Mixtral

Mixtral of Experts

Mistral AI

8 Jan 2024

Introduction

Mixtral 8x7B, a sparse mixture of experts model (SMoE).
The feedforward block picks from a set of 8 distinct groups of parameters.
At every layer, for every token, a router network chooses two of these groups to process the token and combine their output additively.
Mixtral is pretrained with multilingual data using a context size of 32k tokens.

Sparse Mixture of Experts

The output of the expert layer is given by

\(\sum_{i=0}^{n-1} G(x)_i \cdot E_i(x)\)

\( G(x)_i \) denotes the \(n\)-dim output of the gating network for the \(i\)-th expert.
\( E_i(x) \) is the output of the \(i\)-th expert network.
Avoid computing the outputs of experts whose gates are zero.

\(G(x) := \text{Softmax}(\text{TopK}(x \cdot W_g))\)

MoE Layers

The MoE layer is applied independently per token and replaces the feed-forward (FFN) sub-block of the transformer block.
Mixtral use the same SwiGLU as the expert function \(E_i(x)\) and set \(K=2\).
Each token is routed to two SwiGLU sub-blocks with different sets of weights.
The output \(y\) for an input token \( x \) is computed as:

\( y = \sum_{i=0}^{n-1} \text{Softmax}(\text{Top2}(x \cdot W_g))_i \cdot \text{SwiGLU}_i(x). \)

Mixture of Experts Layer

Mixture of Experts Architecture

MixtralSparseMoeBlock (HF)

def forward(self, hidden_states: torch.Tensor) -> torch.Tensor:
    # e.g. batch_size=4, seq_len=8, hidden_dim=16
    batch_size, seq_len, hidden_dim = hidden_states.shape

    # 所有 Batch 的每個 Token 會使用到的 Expert 不一樣
    # router_logits: (batch * sequence_length, n_experts) => (32, 4)
    hidden_states = hidden_states.view(-1, hidden_dim)
    router_logits = self.gate(hidden_states)
    routing_weights = F.softmax(router_logits, dim=1, dtype=torch.float)

    # 使用 `torch.topk` 選出權重最高的 K 個 Expert
    routing_weights, selected_experts = torch.topk(routing_weights, self.top_k, dim=-1)

    # 根據選出的 Expert 計算各自的權重佔比
    routing_weights /= routing_weights.sum(dim=-1, keepdim=True)

    # 預先配置輸出 Tensor
    final_hidden_states = torch.zeros((batch_size * seq_len, hidden_dim))

    # 使用 One-Hot Encoding 建立 Expert Mask
    # expert_mask: (32, 2, 4) => (4, 2, 32), n_tokens=32, selected_experts=2, n_experts=4
    expert_mask = torch.nn.functional.one_hot(selected_experts, num_classes=self.n_experts)
    expert_mask = expert_mask.permute(2, 1, 0)

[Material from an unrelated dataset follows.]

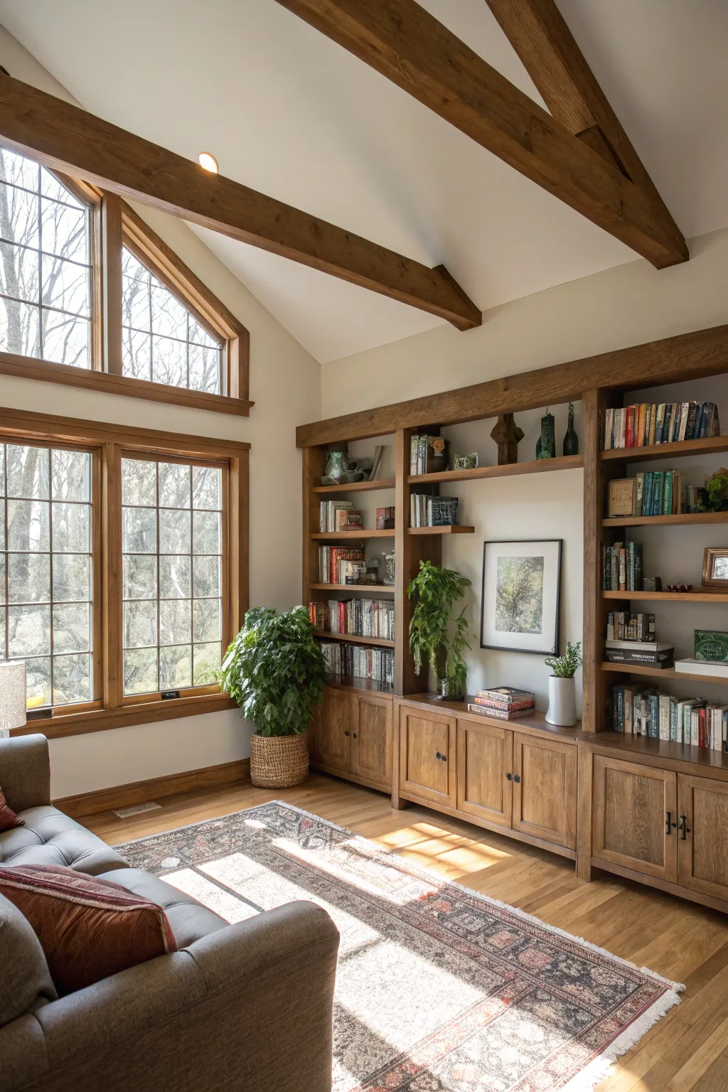 Construct snug alcoves by employing beams to delineate diminutive areas. This is a technique I particularly cherish for its ability to instill a sense of closeness within expansive chambers.

    # 拜訪每個 Expert 計算各自需要處理的 Token
    for expert_idx in range(self.n_experts):
        expert_layer = self.experts[expert_idx]

        # top_x 為 Expert 要處理的 Token 的所在位置 Index
        # idx 代表當前 Expert 是該 Token 第幾名的 Expert
        idx, top_x = torch.where(expert_mask[expert_idx])

        # 如果此 Expert 沒有要處理的 Token 則跳過
        if top_x.shape[0] == 0:
            continue

        # 根據 top_x 將要處理的 Token 選出來
        curr_state = hidden_states[None, top_x].reshape(-1, hidden_dim)

        # 加權計算 Token 輸出
        curr_hidden_states = expert_layer(curr_state) * routing_weights[top_x, idx, None]

        # 將 Hidden States 塞回去
        final_hidden_states.index_add_(0, top_x, curr_hidden_states)

    final_hidden_states = final_hidden_states.reshape(batch_size, seq_len, hidden_dim)

    return final_hidden_states, router_logits

Sparse & Active Parameters

If one increases \(n\) while keeping \(K\) fixed, one can increase the model's parameter count while keeping its computational cost effectively constant.
The model's total parameter count (sparse) grows with \(n\).
The number of parameters used for processing an token (active) grows with \(K\).

MoE Parallelism

Can be distributed to multiple GPUs through Expert Parallelism (\(EP\)).
- Route each tokens to the corresponding GPU for processing.
\(EP\) introduces challenges in load balancing to prevent overloading individual GPUs or hitting computational bottlenecks.